VanOwen didn’t try to stop her. I couldn’t be sure, but I thought I saw him smile. The rest of us couldn’t stop her. She was gone too fast.
There was a last scream from Erika, muffled and faraway as she stumbled deep into the fire and disappeared. In just that instant she was gone. Even a hard guy like VanOwen had to turn to look. A northbound pickup hummed around the bend in the road, its headlights sending his long shadow and the shadow of the fuel tank rippling across the ground one last time. Then darkness swept the shadows away and VanOwen was gone too. Audie put her arms around my neck and squeezed hard. Her crying turned into heaving sobs as she watched the flames.
“How does the spirit lady live in that?”
“I don’t know. I don’t know
.”
I saw Jack flinch as a blast of orange sparks poured from a downstairs window. We heard another smash of breaking glass as a window popped out from the heat, followed by the shrieking, tearing sound like an upstairs floor or wall giving way. It could’ve been a beam pulling apart from the rest of the framing, or Erika dying, or just that whole family and their history and everything they’d built and lived for vanishing in front of us. The heat caused its own currents. Wispy funnels of smoke spun around the edges of the fire, then rose into the hot air like ghosts.

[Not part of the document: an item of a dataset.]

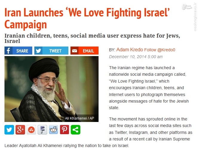 سایت آمریکایی فریبیکن در این باره نوشته است: نظام ایران یک کمپین سراسری در شبکههای اجتماعی با عنوان «من عاشق جنگ با اسرائیل [رژیم صهیونیستی] هستم» به راه انداخته که هدف از آن ترغیب کودکان، نوجوانان و کاربران اینترنتی برای ارسال تصاویر خودشان با پیامهای حاوی ابراز تنفر از رژیم صهیونیستی است. این جنبش طی روزهای اخیر در توییتر، اینستاگرام و سایر شبکههای اجتماعی رو به گسترش نهاده است.
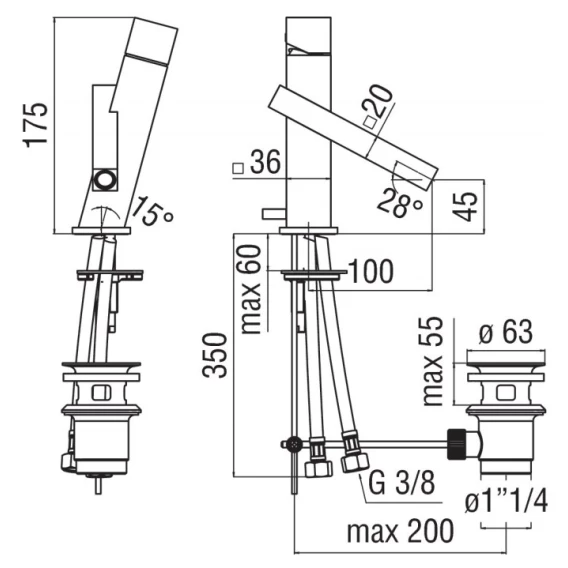 Крепление, Аэратор, Гибкая подводка, Донный клапан

“Holy shit,” Jack said. “What the hell—?”
“She thought her brother was inside.”
I turned after I said that in time to see Jack drop to the ground. I had to let go of Audie as I ran over to him. When I was still ten feet off I could see his left arm and ribs oozing blood. Tiny must’ve got off a clear shot after all. Jack opened his eyes as I checked him out.

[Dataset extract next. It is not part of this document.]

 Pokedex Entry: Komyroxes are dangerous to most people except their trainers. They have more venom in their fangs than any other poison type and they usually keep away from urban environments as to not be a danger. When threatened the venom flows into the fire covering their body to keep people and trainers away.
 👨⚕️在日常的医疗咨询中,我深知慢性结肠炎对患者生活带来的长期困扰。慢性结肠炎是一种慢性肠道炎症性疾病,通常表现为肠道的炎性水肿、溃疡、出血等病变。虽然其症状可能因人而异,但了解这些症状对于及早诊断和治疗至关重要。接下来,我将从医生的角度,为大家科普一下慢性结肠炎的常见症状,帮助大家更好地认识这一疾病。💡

“Just a few nicks,” he said. He squirmed to ease the pain. “I know you didn’t want the kid in a crossfire and all, but your dad’s Remington might be a good idea now.” He said it like we were talking over coffee, but he was panting hard. When he coughed, it looked like it about killed him.
“No shit, pal.”
I checked the wounds a second time, then took off my jacket and covered him with it. When I looked to where I’d left Audie, she’d wandered off again. I turned back to Jack. He was holding his left arm with his right hand and staring at movement by the equipment shed.
“She’s over there,” he said.
Headlights popped on behind the shed and began to move.
“Can you hang on another minute?”
Jack nodded. “Go,” he said.
I ran for the postpile to grab my rifle. Either Fuchs or Sarah had to be close, with medical teams not far behind.